Renault heeft altijd al bijzondere aandacht gehad voor sportiviteit. Het Franse merk heeft een traditie in de F1, er was de huistuner Gordini, die regelmatig een model onder handen nam. En dan is er nog het atelier Alpine uit Dieppe (Normandië), dat jaren aan een stuk z’n bijdrage leverde aan het sportieve imago van Renault.
Alpine bouwde sportcoupés met onderdelen en motoren van het Franse merk. In de jaren ’60 had Alpine al wat naam gemaakt met de A110, ooit de winnaar van de rally van Monte Carlo. In 1971 kwam z’n opvolger: de Alpine A310.
Meer show dan ‘go’
Het tweede model van Alpine straalde nog meer brutaliteit en stoere agressiviteit uit dan z’n voorganger. Een imposante voorkant, een forse bandenmaat en een bizar afgeknotte achterkant, met een lelijke achterspoiler.
Hij mocht er dan al zeer stoer uitzien, bij zijn lancering in 1971 beschikte de Alpine A310 (slechts) over de motor van de Renault 16, dwz een 1600cc met 125pk. Niet echt een krachtpatser.
Maar door z’n polyester carrosserie en compacte motor was de A310 een lichtgewicht, amper 830kg en slechts 1,15 m hoog. De bescheiden motor werd net voor de achteras gemonteerd, dat zorgde voor een goede wegligging maar ook voor een overdaad aan decibels in de cockpit.
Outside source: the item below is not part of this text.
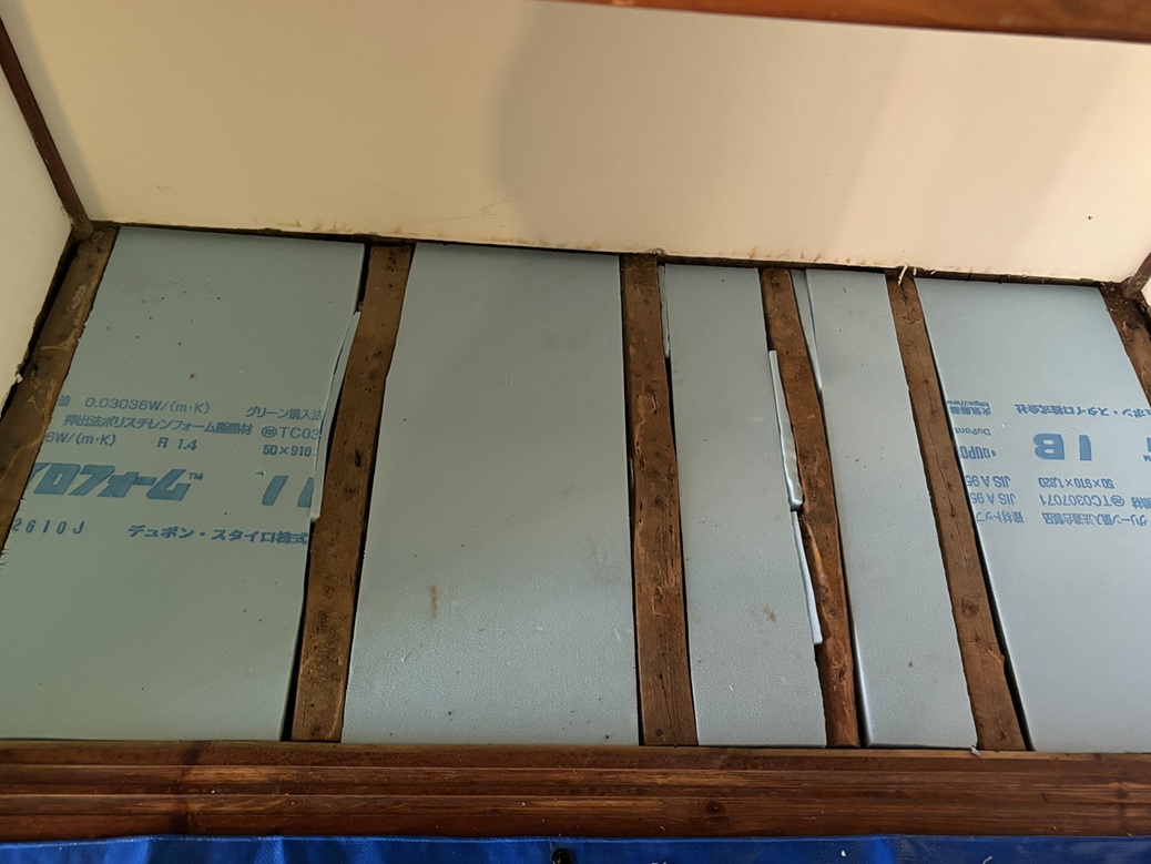 シロアリに食害された床板や断熱材はすべて外し、新しい断熱材を施工しました。

De sportievelingen vonden dat 2 grote pluspunten.
Eénmaal de moeilijke instap verricht, had de chauffeur een echt coupégevoel: een sportieve cockpit, 2+2 noodzitjes, en de lage zit in combinatie met het zeer aanwezige motorlawaai gaf volop sportieve rijsensaties.
De A310 was echter vooral een showauto met bescheiden prestaties en evenmin een sportief palmares.
Eindelijk meer vermogen
Vanaf 1976 werd de A310 wat krachtiger: hij kreeg de V6 van 2600cc met 150 Pk (een motor uit de R20/30, Peugeot 604 of Volvo 260). Deze zette 980kg op de weegschaal en was al een beetje meer concurrent voor bvb een Porsche 924 of Mazda RX7.
“De A310 was echter vooral een showauto met bescheiden prestaties en evenmin een sportief palmares”In de artisanale werkplaats van Alpine werden de sportwagens met de hand gebouwd. Om één model afgewerkt te krijgen, waren er 130 werkuren nodig. Dus het hoeft niet te verwonderen dat er geen grote aantallen gebouwd werden: 11.616 exemplaren, tijdens een loopbaan van 13 jaar.
In 1985 verscheen de Alpine GTA. Deze oogde minder bruut, meer gestyled, en was voorzien van een krachtige turbomotor.
Er wordt al jaren gespeculeerd over een nieuwe sportieve Renault Alpine. Met de regelmaat van de klok verschijnen er schetsen of mogelijke prototypes. Maar tot op heden blijven de liefhebbers op hun honger zitten.